Sunday, January 28, 2007

29 ain't just a number

happy bday to reader and dear friend jgirl!

Friday, January 26, 2007

trump down, bush to go!

talk about 'subverting the dominant paradigm!' apparently, the revolution will be televised.

in case you were wondering where i've been this week...

here's what i've been up to. i don't think i look great in red, but whatever.

Wednesday, January 24, 2007

misplaced aggression

check out how cheney deflects any criticism of focus on the family onto wolf blitzer:

Q We're out of time, but a couple of issues I want to raise with you. Your daughter Mary, she's pregnant. All of us are happy. She's going to have a baby. You're going to have another grandchild. Some of the -- some critics, though, are suggesting, for example, a statement from someone representing Focus on the Family:
"Mary Cheney's pregnancy raises the question of what's best for children. Just because it's possible to conceive a child outside of the relationship of a married mother and father, doesn't mean it's best for the child."
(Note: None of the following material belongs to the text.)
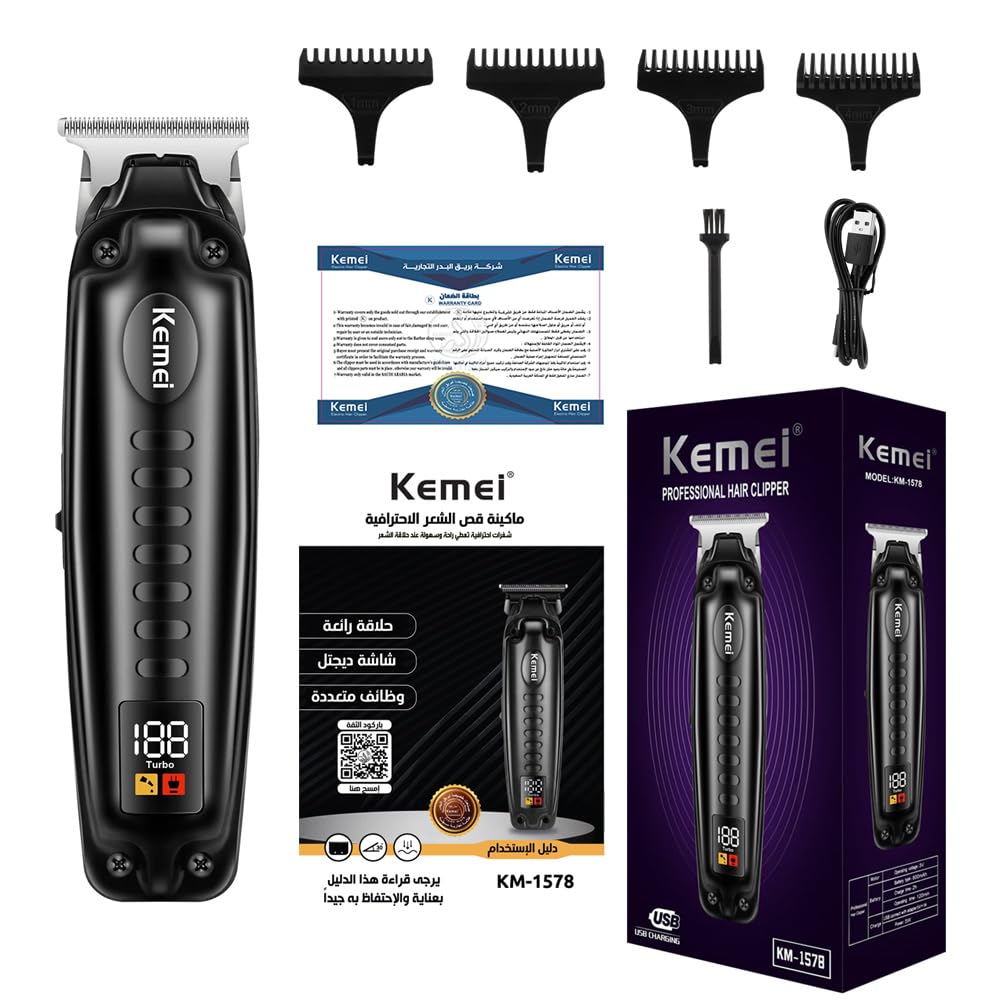 ماكينة قص الشعر الاحترافية Kemei KM-1578 هي الحل المثالي للحصول على قصة شعر دقيقة ومميزة في المنزل. تتميز بتصميم عصري ومريح مع شاشة رقمية لعرض مستوى البطارية.

Do you want to respond to that?


Q She's obviously a good daughter --

THE VICE PRESIDENT: I'm delighted -- I'm delighted I'm about to have a sixth grandchild, Wolf, and obviously think the world of both of my daughters and all of my grandchildren. And I think, frankly, you're out of line with that question.

Q I think all of us appreciate --

THE VICE PRESIDENT: I think you're out of -- I think you're out of line with that question.

Q -- your daughter. We like your daughters. Believe me, I'm very, very sympathetic to Liz and to Mary. I like them both. That was just a question that's come up and it's a responsible, fair question.

THE VICE PRESIDENT: I just fundamentally disagree with your perspective.

Friday, January 19, 2007

one thumb sideways

as promised, i'm back with yet another thrilling mini-review, this time of 'factory girl,' the trailer for which i savaged in an earlier post. turns out, it wasn't too bad. sienna miller, who i only know from tabloids (i mean, i hear she's in them a lot, i wouldn't know), was fantastic. hayden christensen as dylan: made my ears bleed. guy pearce as andy warhol: best warhol performance i've seen (much better than david bowie in 'basquiat' and somewhat better than 'jared harris' in 'i shot andy warhol.') the costume design was amazing and the set design was pretty good, too. ileana douglas appears in two scenes as diana vreeland and stinks up the joint but good.

plan to watch a few more this weekend and will return with battle tales for you all.

in the meantime, please enjoy a fantastic track i've been wearing out lately:

snow patrol & martha wainwright - set fire to the third bar

Thursday, January 18, 2007

uh oh - here we go

honk if you dislike dubya

my bff wordy nerdy just posted a hilarious list of anti-bushie bumperstickers which is well worth a check-out. my personal fave: "Of Course It Hurts: You're Being Screwed by an Elephant"

Tuesday, January 16, 2007

something's amiss

not to get all perez hilton on your asses, but is there something weird going on with brad pitt's face?

lately, every time i see his face, it seems there is something off about's got that 'i am older -- and you can tell it in little ways -- yet my face is strangely smooth' thing going on, right?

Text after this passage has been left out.